Results and discussion

Overall, as seen in Fig. 1, CAPP production has less carbon footprint of 7.9 × 10⁻³ kg CO_2e per FU than PAW production (7.9 × 10⁻² kg CO_2e per FU), largely due to its lower generation time required to achieve microbial reduction. In addition, CAPP production does not involve water usage, residual waste, or the need for waste treatment, further reducing its environmental footprint. Table 2 outlines the breakdown of GWP results of CAPP and PAW when using the SERC as the base case electricity source.

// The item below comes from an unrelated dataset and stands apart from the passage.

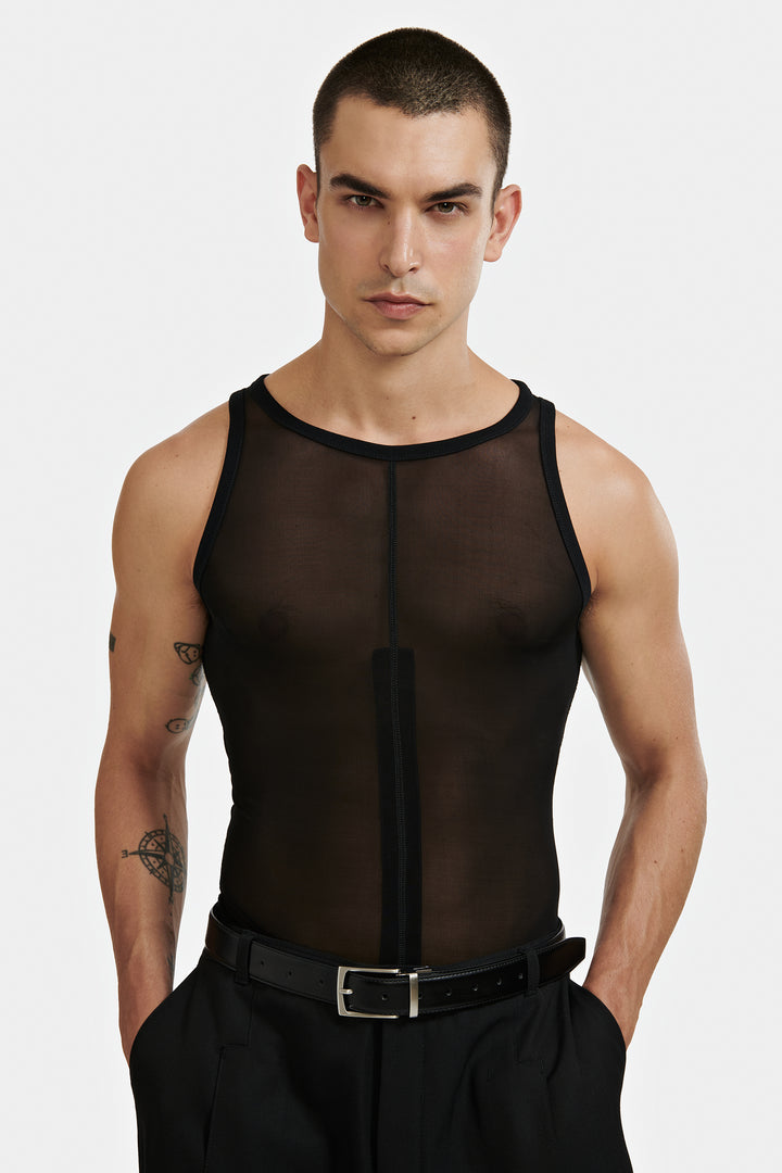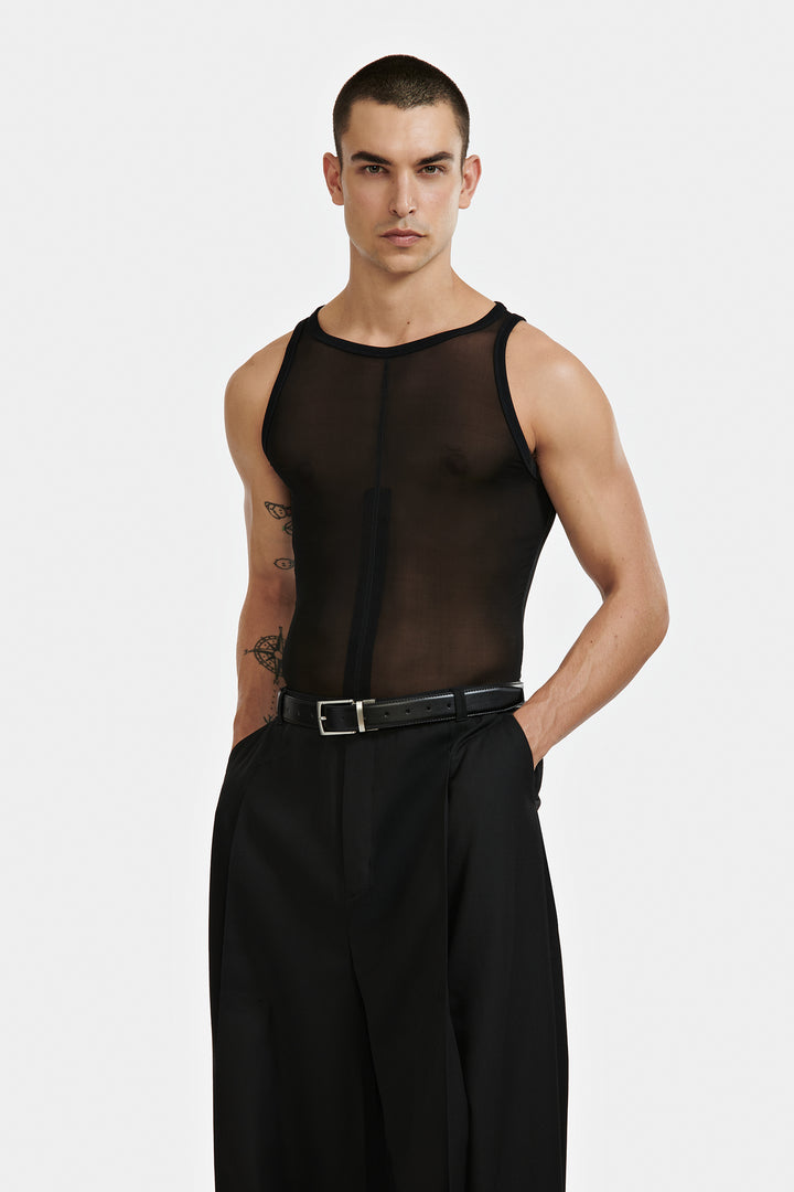Débardeur près du corps inspiré du collant confectionné dans un jersey de cupro transparent et satiné.
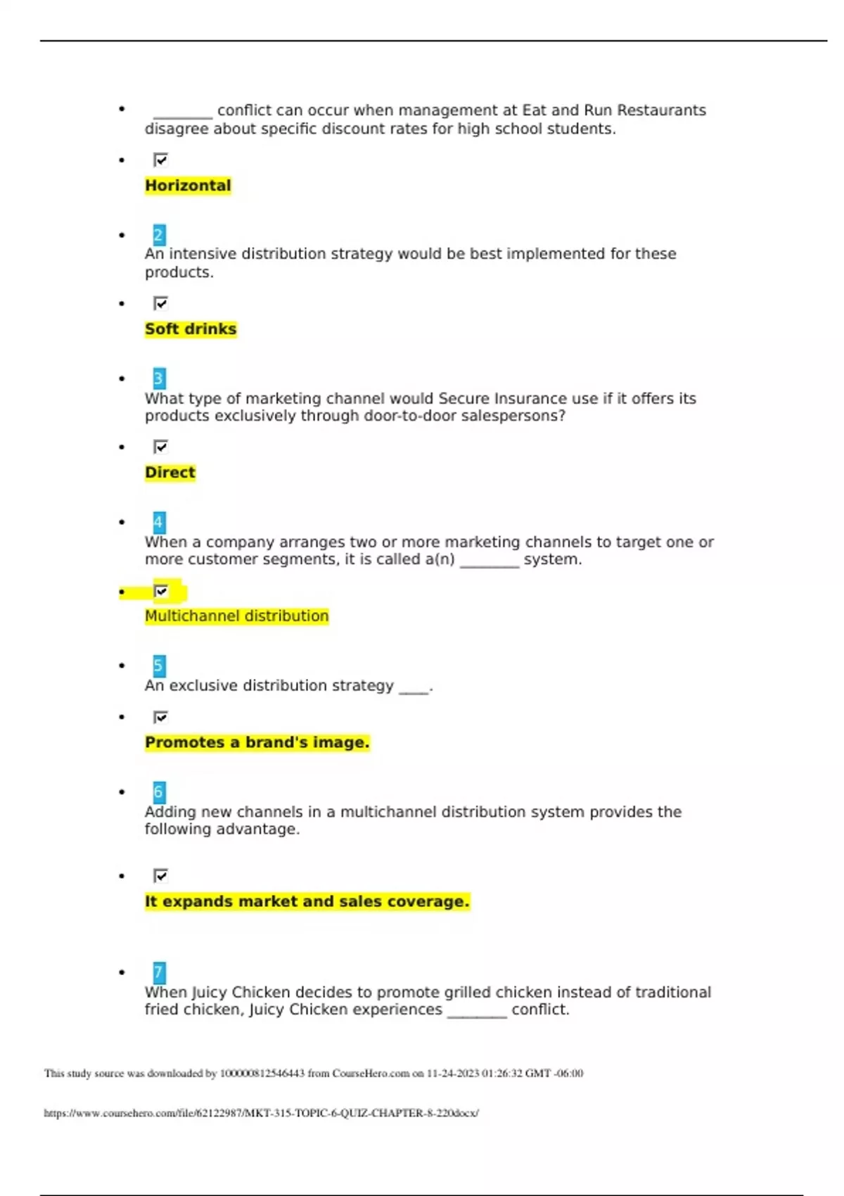 ________ conflict can occur when management at Eat and Run Restaurants disagree about specific discount rates for high school students. Horizontal 2 An intensive distribution strategy would be best implemented for these products. Soft drinks 3 What type of marketing channel would Secure Insurance use if it offers its products exclusively through door-to-door salespersons? Direct 4 When a company arranges two or more marketing channels to target one or more customer segments, it is called a(n) ________ system. Multichannel distribution 5 An exclusive distribution strategy ____. Promotes a brand's image. 6 Adding new channels in a multichannel distribution system provides the following advantage. It expands market and sales coverage. 7 When Juicy Chicken decides to promote grilled

We found that the major contribution (∼52%) for the carbon footprint came from electricity consumption, followed by compressed air (∼48%) for both CAPP and PAW. Coal (∼19%) and natural gas (∼16%) were major contributors to carbon footprint when using SERC as the electricity source. Sensitivity analysis on electricity sources further showed that when SERC was replaced with 100% wind or solar energy, the total carbon footprint could be reduced significantly to 4.0 × 10⁻³ kg CO_2e and 4.0 × 10⁻² kg CO_2e per FU of CAPP and PAW generation, respectively (Fig. 1). Solar energy also included natural gas as one of the contributors, but wind energy did not have natural gas or coal. Hence, using alternative energy sources in producing CAPP and PAW can be beneficial in reducing environmental impacts. It is also worth noting that with the development of technologies, compressed air becomes less necessary for some plasma devices in various labs, including ours. Thus, in the future, there is a potential to drastically reduce the environmental impacts by eliminating compressed air and using alternative electricity sources. This study utilized two generation times for functional units because when you use CAPP directly on food or food contact surfaces the time required is lower compared to using it indirectly (in the form of PAW) for required microbial reduction. This provides a comparison to readers when using CAPP and PAW for food sanitizing applications. Unlike other technologies, there is no dosimetry for CAPP and PAW, and different equipment may result in different concentrations of CAPP and PAW. Hence, a microbial reduction of 3–5 log was used to standardize the CAPP and PAW treatments.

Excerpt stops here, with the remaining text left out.